Tyco Healthcare Group LP, Nellcor Puritan Bennett Division, through its Singapore Tyco Medical Devices Co., Ltd. Beijing Representative Office, issued a voluntary recall report to the National Medical Products Administration (NMPA) on June 18, 2010. The report concerned Shiley

Tracheostomy Tubes (NMPA Imported Medical Device Registration No. 20072661153), a product vital for pediatric patients requiring assisted ventilation across a wide global distribution, including China. The primary issue identified was a defect in the balloon inflation device, causing the tracheostomy tube's airbag to leak and fail to retain air. This malfunction posed a significant health risk, potentially leading to compromised ventilation, sudden drops in blood oxygen, or increases in carbon dioxide, particularly critical for patients on mechanical ventilation.
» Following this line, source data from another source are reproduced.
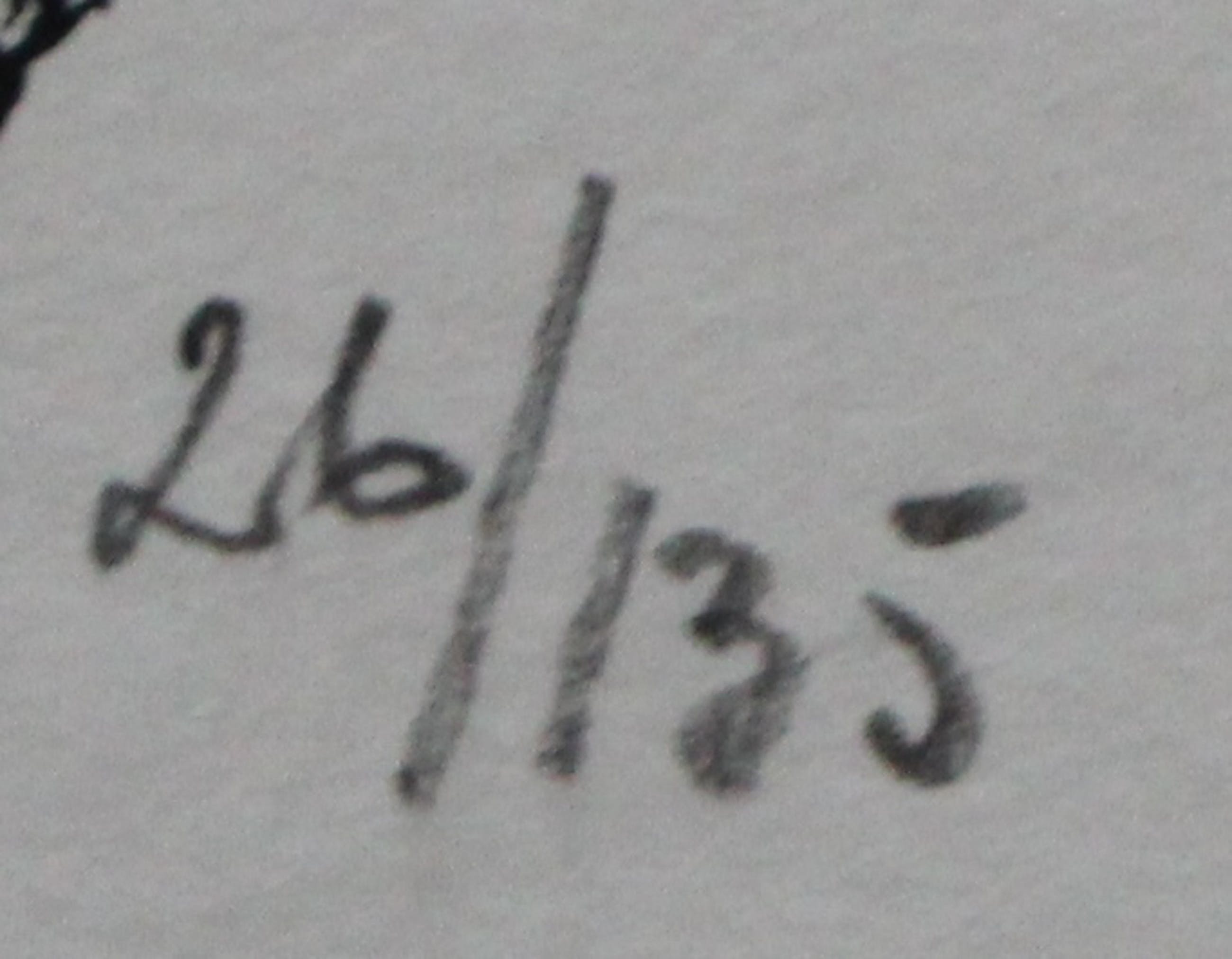 Jaar: 1990. Nummer: 26/135. Afmetingen werk: H32 x b32cm. Afmetingen voorstelling: H27.5 x b28cm. Het werk is rechts onderaan, met potlood, gesigneerd door de kunstenaar. De authenticiteit van het, aangeboden, werk wordt volledig gegarandeerd. Een certificaat van echtheid kan, op aanvraag, worden gemaild.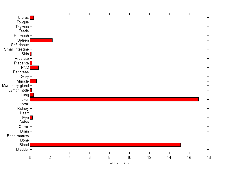 About the profile: The expression level is normalized with tissue-library size. Each value for a gene in a tissue is a ratio of observed ESTs to the expected one in this tissue. The expected number of ESTs is the product of total ESTs of the gene and the fraction of total ESTs in the tissue among all ESTs in 30 tissues. Summary: This gene is preferentially expressed in [blood, liver] Download: |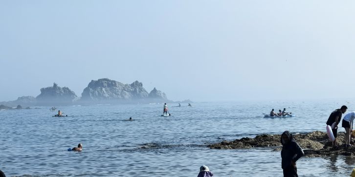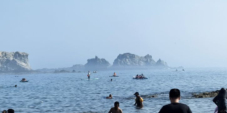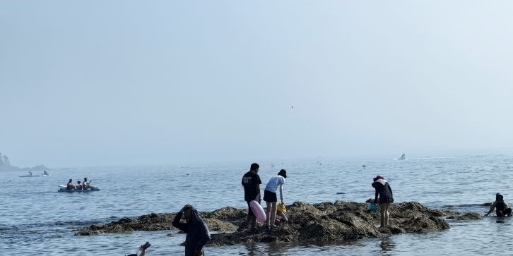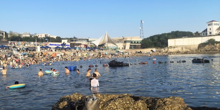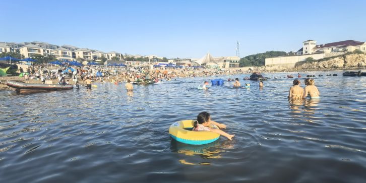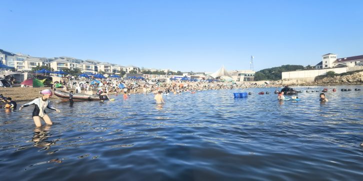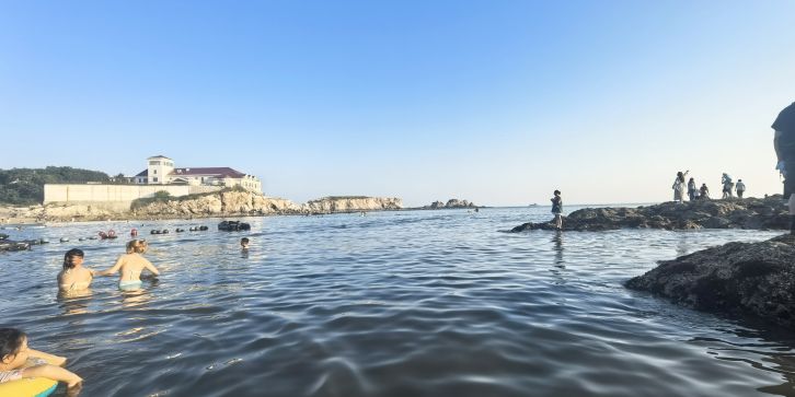 位于中山区滨海东路,地处滨海路东段,与棒棰岛景区紧邻,距市中心 7.5 公里,砂质岸线,A 类公共浴场型,全年全天开放。浴场海岸线长 220 米,沙滩上的沙子呈金色,沙质细腻,踩上去软绵绵的,海水清澈,颜色丰富,从远处的深蓝,到中间的蓝绿色,再到近处的清澈透明一眼见底,宛如 “果冻海”,沙滩两侧分布着礁石,形态各异,为海滩增添了几分独特的景致,也为赶海提供了良好的条件。退潮之后,沙滩两侧的礁石区域会露出水面,游客可以在这里抓到小螃蟹、海蛎子、海虹、花蚬子等,尽情体验赶海带来的乐趣。由于海水较深,适合开展桨板等水上运动,吸引了不少水上运动爱好者前来一展身手。设有更衣淋浴的沙滩服务中心,提供寄存服务,方便游客更换衣物和存放物品。
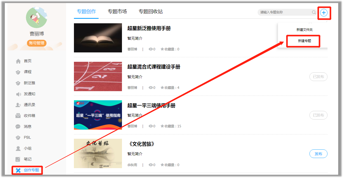 【1】新建专题(如果已经有准备好的专题请忽略此步骤,直接看【2】)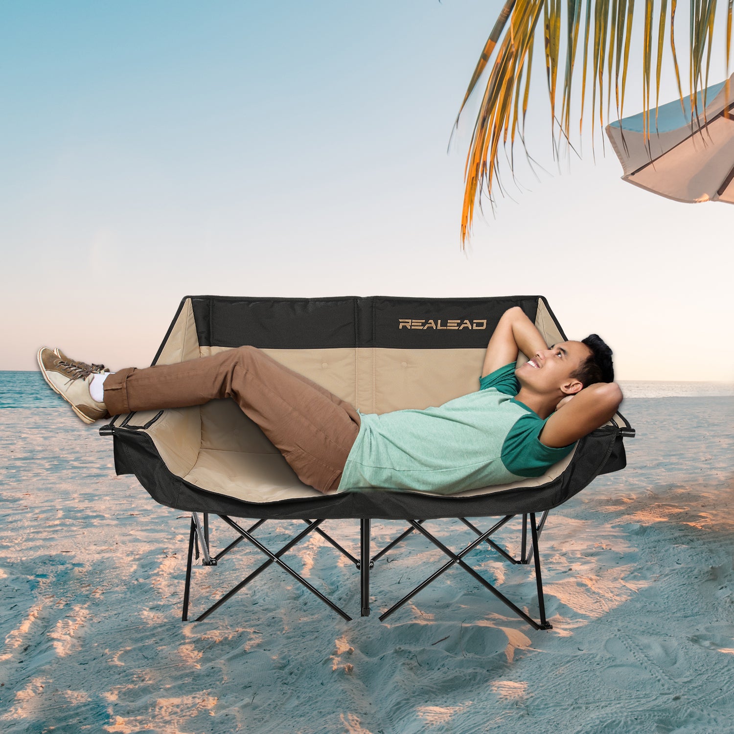 One of the design features of the REALEAD camping chair is the movable backrest. It utilizes a non-fixed backrest structure that allows your back and lumbar area to move more freely for a more comfortable camping experience.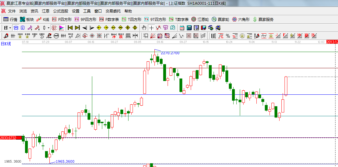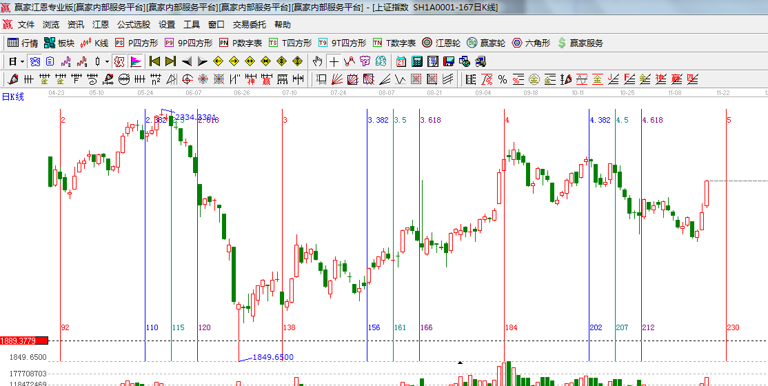 ★依據(jù)贏家江恩系統(tǒng)波段百分比延伸提示:黃金分割價格圖0.236位置是2219點,0.382位置是2050點;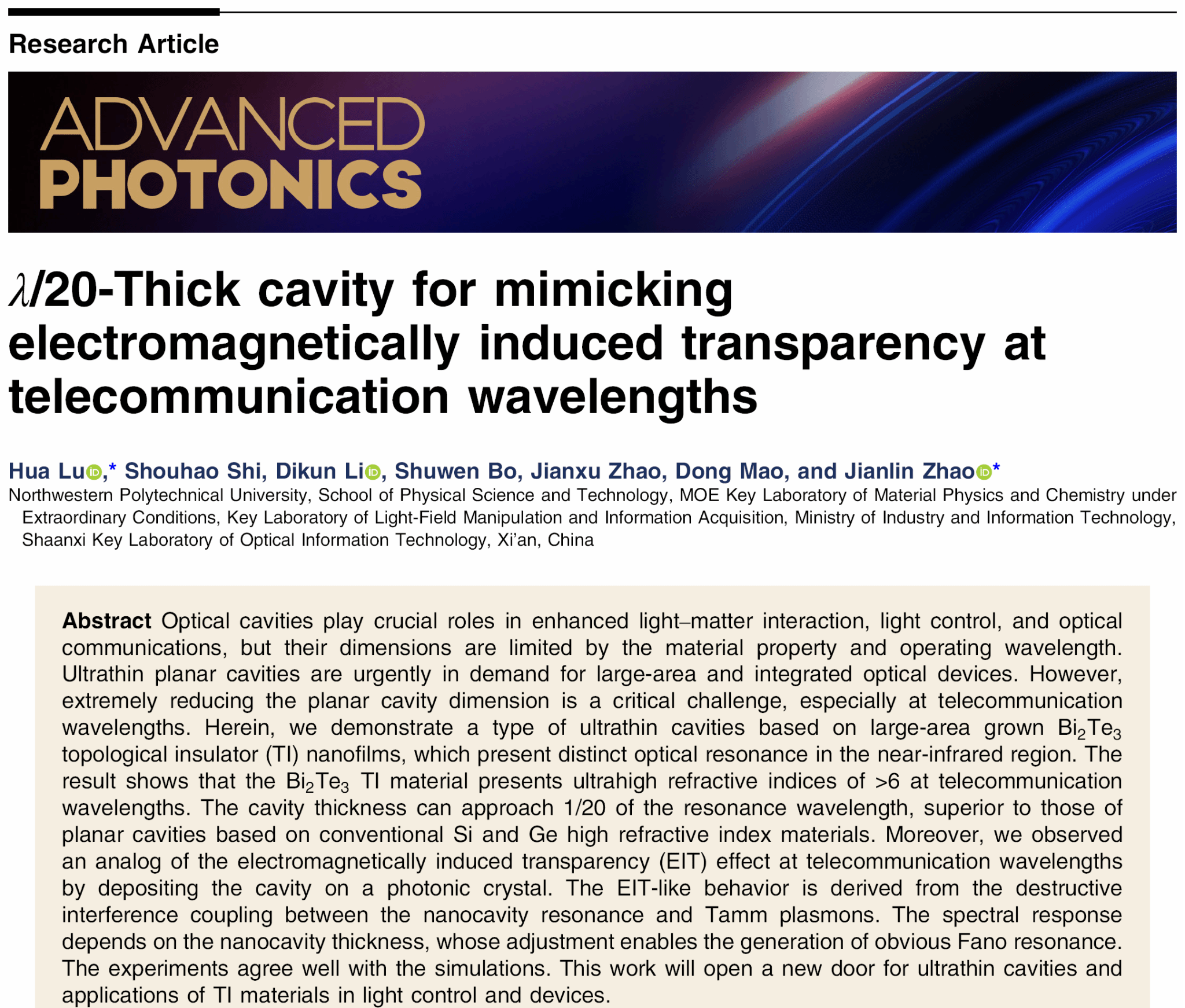 近日,西北工业大学赵建林教授、陆华教授团队开展了拓扑绝缘体材料光学共振及其耦合特性研究,利用制备的碲化铋拓扑绝缘体纳米薄膜,获得了近红外波段超薄光学共振腔,并将其与光子晶体相集成,实现了光通信波段类电磁诱导透明效应的产生。

The affected products were manufactured between November 1, 2008, and September 25, 2009. In response, the company initiated a comprehensive corrective action plan. This began in July 2009 with enhanced quality alert procedures and continuous batch inspections. By August 2009, leak testers were installed to detect malfunctions, and all affected airbag inflators were removed. The supplier for the faulty inflators was replaced with an approved vendor. Tyco Healthcare also isolated all affected batches and ensured a sufficient supply of compliant replacement products. The recall activity in China involved a total of 1096 units across distributor and hospital inventories.